What It's Like To Love Someone With Depression

By: Vanessa

I started dating my boyfriend ten months ago. In the beginning I had no idea this amazing, talented man struggled every single day with a disease - depression. As time went on he opened up to me about a lot of intense things. Depression was the last thing I thought he would tell me he suffered from.

Depression is a relationship killer. Depression makes the one you love the most in this world, not want to be here anymore. That fact alone is unsettling, and many people run for the hills when they hear someone suffers from this. Let me tell you, depression is not beautiful. It's a tornado of guilt, shame, and doubt. It turns the most confident, loving person into someone you don't recognize.

Every day is a battle and the only casualty is you. You can be having the best day but when one thing goes wrong, the world can come crumbling down. Suddenly it truly is as if the world is ending. The person you love loses that spark in their eye that you adore so much. They can't get out of bed, the thought of eating makes them sick, and nothing you say or do can make it better.

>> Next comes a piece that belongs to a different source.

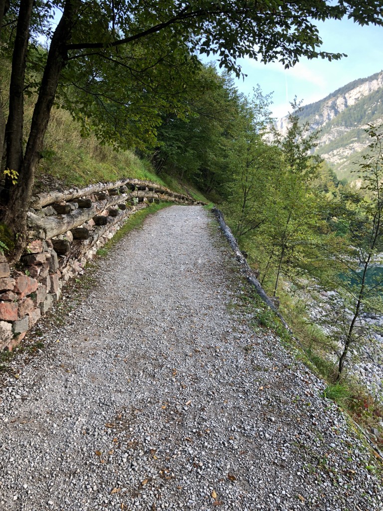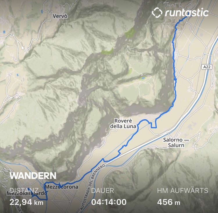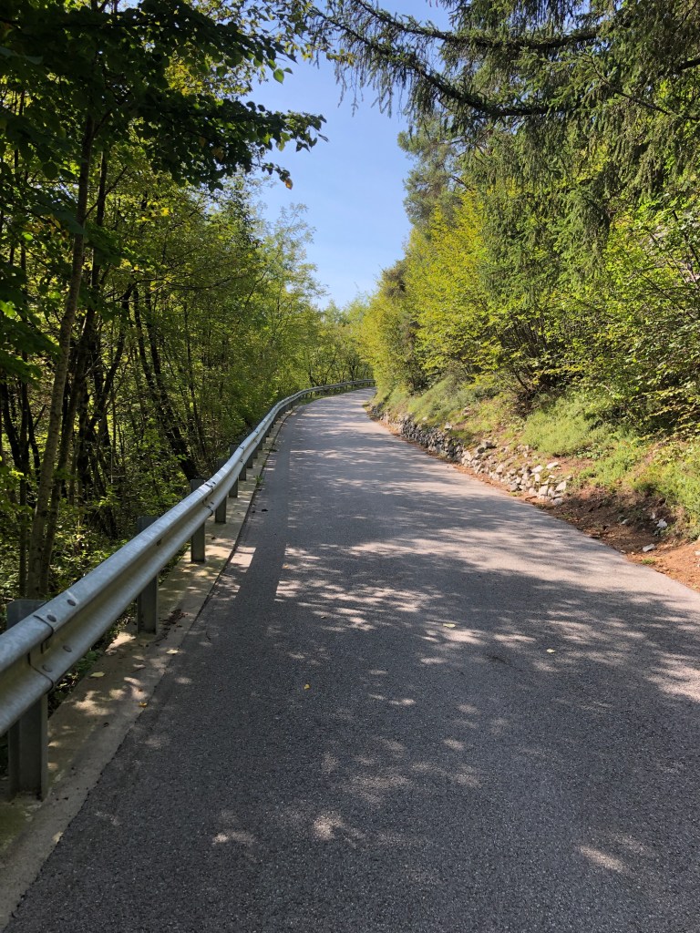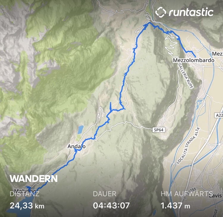 Ich gehe von Molveno östlich am See entlang (Ja! 🙄 Also in Laufrichtung links. Ich lauf von oben nach unten!). Das macht heute schon mal die ersten 6km aus.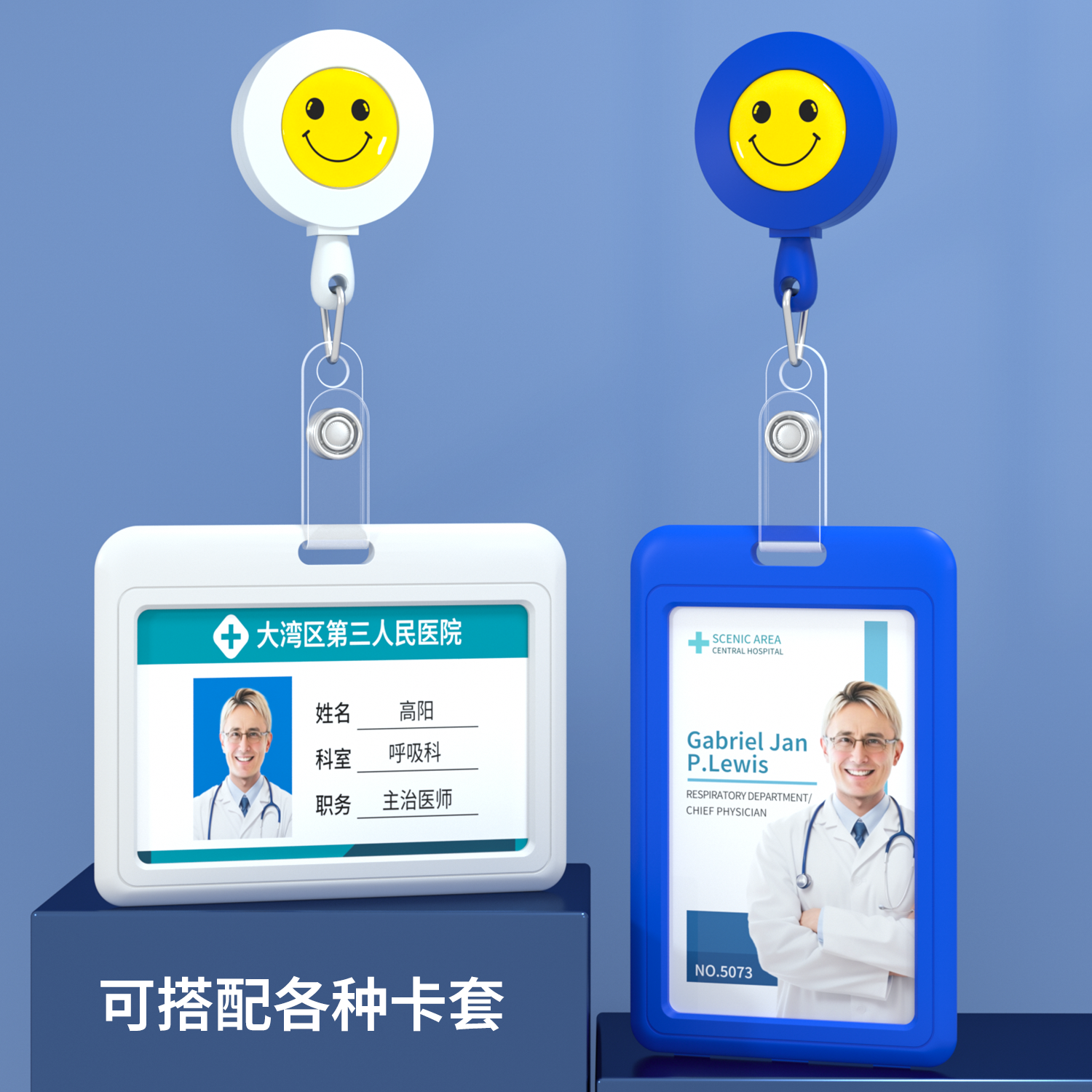 优质伸缩工作证件卡套伸缩扣门禁卡套打卡工作牌易拉扣笑脸扣拉线

I think that's the hardest part for me. See, I'm a fixer. When something's wrong, I just want to make it better. To end the suffering for that person.  But with depression, you have no control. You can't snap your fingers, do a little dance and make everything better. Any joy you produce is short lived until the one you love is able to find enough strength to get up and face it head on.

You can't heal someone from depression. This is something they will probably always have and suffer from in some capacity. For me and my boyfriend, we just take everything day by day. Some days are better than others. Hell, we can have a great month and all of a sudden the tornado's back. It holds my boyfriend captive and tortures him every second it sticks around.

I would give anything to take his pain away. To be the one who suffers instead of him. And I guess that's what love is. Just wanting the person you love to be better and see how magical they really are. To get them to realize how important they are to this world. Unfortunately that's not something that you can do when depression brings it's ugly face around.

Loving someone with depression isn't easy. It's ugly and hard. It's staying up all night not being able to sleep because you know the person laying next to you is battling demons right now. It's sending 'I love you" and "you mean so much to me" texts every hour just trying to make them realize they are more than this. It's walking on eggshells for a while so you don't make things worse.

No loving someone with depression isn't easy, but would you believe me if I told you it's all worth it?